Но шуму и так должно было хватить. Я снова скатятся вниз с лестницы – как раз в то время, когда первые монахи выскакивали из спального корпуса, а издалека долетали голоса разбуженных служек, толпившихся на порогах своих жилищ. Ко мне обращались, меня расспрашивали, но внезапно я забыл все слова и не мог ничего сказать, а потом с уст почему-то посыпались звуки моей родной речи. Окровавленной рукой я указывал на окна южного крыла Храмины, в которых за гипсовыми стеклами колыхался необычно яркий свет. По силе свечения я догадаются, что в то время, пока я бегал и звонил в колокола, огонь перекинулся уже в другие залы. Все окна Африки и весь переход между южной и восточной башнями озарялись алыми сполохами.
«Воду, носите воду!» – кричал я.
Сначала никто меня не понимал. Монахи настолько привыкли считать библиотеку заклятым, недоступным местом, что не могли даже помыслить, будто ей угрожает самая глупейшая опасность, как обыкновенному крестьянскому домишке. Те, кто первыми поднял глаза на окна Храмины, осеняли себя крестом и бормотали что-то перепуганное, и я понял, что они поверили в новые знамения. Я стал трясти их за одежду, за плечи, умоляя понять, и насилу кто-то наконец перевел мои всхлипывания на нормальный человеческий язык.
Это был Николай Моримундский. Он сказал: «Библиотека горит!»
«Ну да», – пробормотал я, падая на землю как подкошенный.

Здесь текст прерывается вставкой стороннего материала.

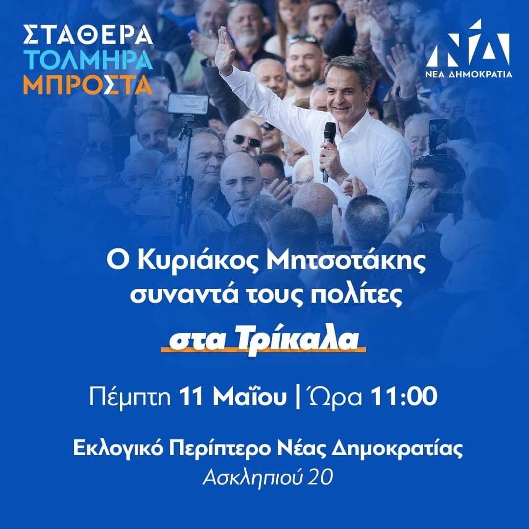 Την Πέμπτη 11 Μαΐου στις 11 πμ θα βρίσκεται στα Τρίκαλα ο Πρωθυπουργός και Πρόεδρος της ΝΔ Κυριάκος Μητσοτάκης .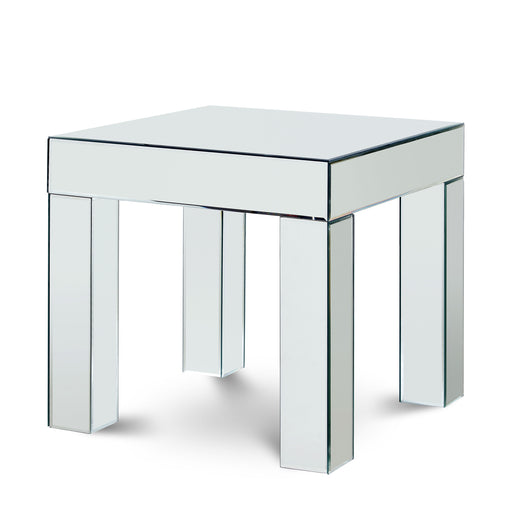 Let this Lainy mirrored end table become a focal point in your living room or den. This handsome table features a boxy design with rectangular line...
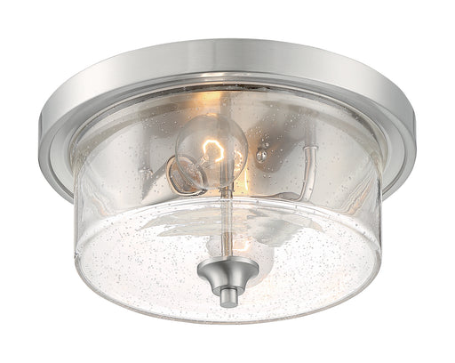 The seeded glass shade enclosure accents the Brushed Nickel finish on the Bransel two-light flush mounted light. The sleek, streamlined appearance ...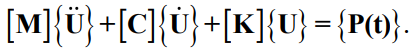 In Eq. (1), the notations [M], [C] and [K] are the matrices of consistent mass, damping and stiffness of the system. The notations {Ü}, {} and {U} are the acceleration, velocity and displacement vectors of the system. The notation {P(t)} represents the vector of external forces in the nodes of the system. For more information on structural dynamics, see (Dhatt & Touzot, 1984; Wilson, 2001; Clough & Penzien, 2015).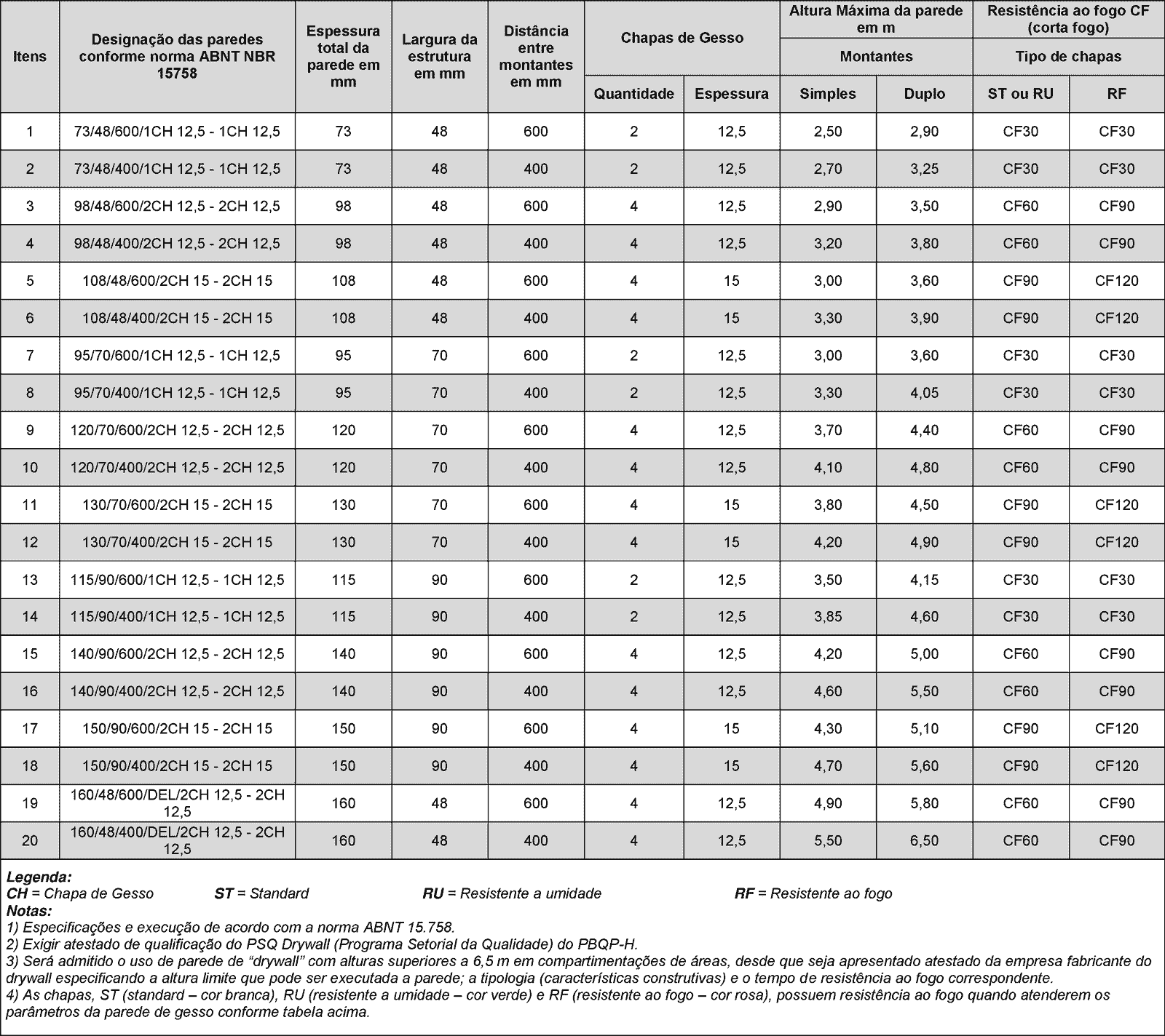 Tabela de resistência ao fogo de paredes em chapas de gesso para drywall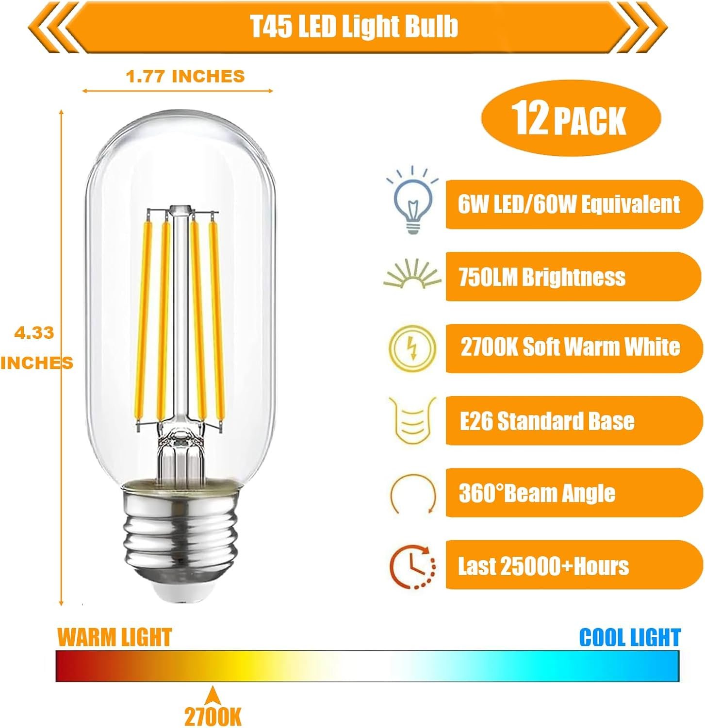 Technical Features: T45 led filament tubular light bulb, E26 Base, 120v 60w lightbulb, clear standard light bulbs, soft warm white 2700k, 750 lumens, 360 degrees beam angle

Николай проявил необыкновенную энергию, отдал приказания слугам, определил, что должен делать каждый монах, кого-то послал открывать вторые ворота Храмины, кого-то отправил за ведрами и любой, какая есть, посудой для воды, перечислил и указал все источники и хранилища влаги внутри монастырских стен. Скотникам он велел выводить всех мулов и ослов и грузить кувшинами… Если бы подобные распоряжения отдавал человек, наделенный властью, его бы послушались мгновенно. Но служки были приучены исполнять приказы Ремигия, писцы – Малахии, все монахи – Аббата. Увы, никого из троих там не было. Монахи искали глазами Аббата, чтоб получить от него утешение и поддержку, и не находили, и один только я знал, что Аббат уже мертв, а если не мертв, то умирает в эту минуту, замурованный в аппендиксе стены, в душегубке, которая превратилась уже в печку, в Фаларидова быка.
Николай направлял скотников в одну сторону, но кто-то из монахов, движимый самыми добрыми намерениями, гнал их в противоположную. Многие собратья явно утратили присутствие духа, другие не могли стряхнуть сон. Я старался объясниться с ними, я уже снова обрел дар речи, но достаточно вспомнить, что я был почти гол, моя ряса осталась в пламени, и вид такого мальчишки, окровавленного, почернелого от копоти, постыдно безволосого телом, одуревшего от холода, вряд ли мог внушать им доверие.
Николаю кое-как удалось согнать перепуганных монахов и служек к дверям кухни. Тем временем кто-то сшиб замки. Кто-то еще догадался принести факелы. Нашим глазам открылся полнейший разгром: я понял, что это Вильгельм метался по кухне, ничего не видя, пытаясь отыскать воду и какую-нибудь посуду для ее переноски.
В это время дверь, ведущая в трапезную, приоткрылась и высунулся Вильгельм: обожженное лицо, тлеющая ряса, в руках большая кастрюля. Меня охватила ужасная жалость к нему. Это была аллегория человеческого бессилия. Я понимал, что если даже ему удалось дотащить горшок с водой до третьего этажа в полной темноте, и даже если он сумел проделать это не один раз – все равно он мало чего добился. Я вспомнил из жития Св. Августина, как ему явился мальчик, вычерпывавший ложкой море. Мальчик был ангел и таким манером потешался над святым, вознамерившимся проникнуть в тайны божественной природы. И как тот ангел, заговорил ко мне Вильгельм, прислонившись в изнеможении к косяку дверного проема: «Это невозможно. Нам этого не одолеть. Даже со всеми монахами аббатства. Библиотека погибла». В отличие от ангела, Вильгельм плакал.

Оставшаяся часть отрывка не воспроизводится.